More crucially, this can cast a deficiency in critically dissecting the same work from black artists many claim to thirst for. In her essay for Triple Canopy, Rachel Hunter Himes examines how the mainstream art world’s delayed recognition of black artists—who “...living and dead, from the nineteenth century to the present, arrived in the art world all at once” has led to shallow interrogation of their work. As Himes notes, written criticism of black artists is often laudatory, situated around biographical details rather than the medium and craft they work within. In an arts culture that has been (and in many ways remains) segregated, the desire to praise black art and Black people can be understood as a(n) (over)correction. It’s a tendency I must question as it’s evident even in this essay. I’m more inclined to discuss the film, music, and books by Black people whose works I find little fault. The impulse to emphatically praise can lead to a dearth in criticism that is skeptical and probing—I’ve wondered for instance, if the women of Ryan Coogler’s Sinners are any more layered than those in One Battle After Another—and it risks obscuring works that are deemed inscrutable or less easy to categorize.

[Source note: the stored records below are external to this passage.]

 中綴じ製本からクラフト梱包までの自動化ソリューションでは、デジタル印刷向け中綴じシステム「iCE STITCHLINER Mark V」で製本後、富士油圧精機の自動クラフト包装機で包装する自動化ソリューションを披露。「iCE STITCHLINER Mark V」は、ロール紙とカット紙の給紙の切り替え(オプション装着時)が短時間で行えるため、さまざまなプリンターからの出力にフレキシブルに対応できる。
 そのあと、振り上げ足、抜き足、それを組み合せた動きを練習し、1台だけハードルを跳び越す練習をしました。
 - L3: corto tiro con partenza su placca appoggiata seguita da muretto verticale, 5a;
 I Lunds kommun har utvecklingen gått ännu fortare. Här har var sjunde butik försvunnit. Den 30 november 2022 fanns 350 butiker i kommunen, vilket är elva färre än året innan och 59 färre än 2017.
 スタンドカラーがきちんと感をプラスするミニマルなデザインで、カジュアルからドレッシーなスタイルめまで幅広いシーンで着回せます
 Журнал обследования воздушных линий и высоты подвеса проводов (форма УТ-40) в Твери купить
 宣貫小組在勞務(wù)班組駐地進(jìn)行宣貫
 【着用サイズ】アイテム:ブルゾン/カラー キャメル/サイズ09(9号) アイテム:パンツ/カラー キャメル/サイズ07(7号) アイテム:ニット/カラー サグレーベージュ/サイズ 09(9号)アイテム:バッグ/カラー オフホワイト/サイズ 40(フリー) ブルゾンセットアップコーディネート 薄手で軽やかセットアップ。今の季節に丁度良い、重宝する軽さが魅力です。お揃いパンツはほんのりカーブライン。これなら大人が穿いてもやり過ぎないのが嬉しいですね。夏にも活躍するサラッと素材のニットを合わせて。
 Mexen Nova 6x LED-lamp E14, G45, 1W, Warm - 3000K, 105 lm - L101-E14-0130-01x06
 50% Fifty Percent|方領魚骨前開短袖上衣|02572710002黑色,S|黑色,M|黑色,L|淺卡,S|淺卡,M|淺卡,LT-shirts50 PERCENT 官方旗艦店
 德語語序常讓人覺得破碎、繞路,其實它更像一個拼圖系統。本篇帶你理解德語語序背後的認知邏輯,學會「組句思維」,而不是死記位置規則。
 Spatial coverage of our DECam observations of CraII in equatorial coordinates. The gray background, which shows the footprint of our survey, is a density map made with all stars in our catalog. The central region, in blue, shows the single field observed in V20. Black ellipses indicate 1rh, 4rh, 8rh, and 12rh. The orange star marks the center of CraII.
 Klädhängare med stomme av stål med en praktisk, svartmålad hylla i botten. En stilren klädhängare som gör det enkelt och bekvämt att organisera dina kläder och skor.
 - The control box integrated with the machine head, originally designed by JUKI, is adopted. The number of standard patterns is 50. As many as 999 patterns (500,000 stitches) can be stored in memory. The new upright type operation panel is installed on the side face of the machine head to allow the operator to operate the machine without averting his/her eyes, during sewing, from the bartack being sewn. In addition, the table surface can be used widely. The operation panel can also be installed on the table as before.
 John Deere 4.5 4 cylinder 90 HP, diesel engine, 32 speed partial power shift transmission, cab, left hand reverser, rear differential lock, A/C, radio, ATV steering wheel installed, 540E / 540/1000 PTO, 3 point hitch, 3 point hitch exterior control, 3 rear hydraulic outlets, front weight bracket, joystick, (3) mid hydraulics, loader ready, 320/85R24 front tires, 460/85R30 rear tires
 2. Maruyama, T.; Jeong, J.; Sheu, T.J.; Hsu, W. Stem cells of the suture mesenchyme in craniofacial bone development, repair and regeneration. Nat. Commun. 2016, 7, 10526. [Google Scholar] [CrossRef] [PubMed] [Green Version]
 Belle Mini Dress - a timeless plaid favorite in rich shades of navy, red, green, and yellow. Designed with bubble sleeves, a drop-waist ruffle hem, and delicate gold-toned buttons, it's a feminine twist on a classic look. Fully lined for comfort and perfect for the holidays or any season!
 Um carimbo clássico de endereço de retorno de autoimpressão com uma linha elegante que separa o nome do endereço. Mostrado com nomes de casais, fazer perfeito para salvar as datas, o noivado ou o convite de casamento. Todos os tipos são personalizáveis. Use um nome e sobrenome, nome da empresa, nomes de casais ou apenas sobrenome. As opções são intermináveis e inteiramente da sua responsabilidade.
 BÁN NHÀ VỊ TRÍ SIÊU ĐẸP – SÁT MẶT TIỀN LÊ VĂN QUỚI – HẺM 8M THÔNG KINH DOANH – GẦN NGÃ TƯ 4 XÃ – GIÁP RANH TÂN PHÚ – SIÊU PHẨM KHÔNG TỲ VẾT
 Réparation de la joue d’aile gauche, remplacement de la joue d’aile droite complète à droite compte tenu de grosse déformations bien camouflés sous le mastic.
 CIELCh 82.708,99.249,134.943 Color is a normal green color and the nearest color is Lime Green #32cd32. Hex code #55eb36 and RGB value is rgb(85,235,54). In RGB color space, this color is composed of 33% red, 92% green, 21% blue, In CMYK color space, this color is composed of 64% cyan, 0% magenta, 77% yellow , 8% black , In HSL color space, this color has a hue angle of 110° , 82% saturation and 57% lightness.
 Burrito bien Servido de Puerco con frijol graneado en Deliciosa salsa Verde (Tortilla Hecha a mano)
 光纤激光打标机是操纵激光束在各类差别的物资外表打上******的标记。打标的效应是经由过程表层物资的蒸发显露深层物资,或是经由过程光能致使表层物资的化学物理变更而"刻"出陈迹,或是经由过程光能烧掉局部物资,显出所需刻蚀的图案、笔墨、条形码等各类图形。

I doubt that the Academy Awards will suddenly be appreciative of great movies in general, let alone ones not helmed by white auteurs. This is not to say that this isn’t cause for anger and disapproval but a hope that the critiques can be more distensible in their concerns. We can wonder why the studio behind the recent Timothée Chalamet fatigue can successfully campaign for the promising but ultimately drivel that is Everything Everywhere All At Once, but pour a fraction of that effort into films like All Dirt Roads Taste of Salt and On Becoming a Guinea Fowl. We should be dismayed by the seeming cultural acceptance that art and marketing are inextricably linked. We can question our defenses, consider the conditions and requisites for our praises or condemnations especially as they relate to Black women. We should want more for black art, and art more generally, than mere hype and discourse.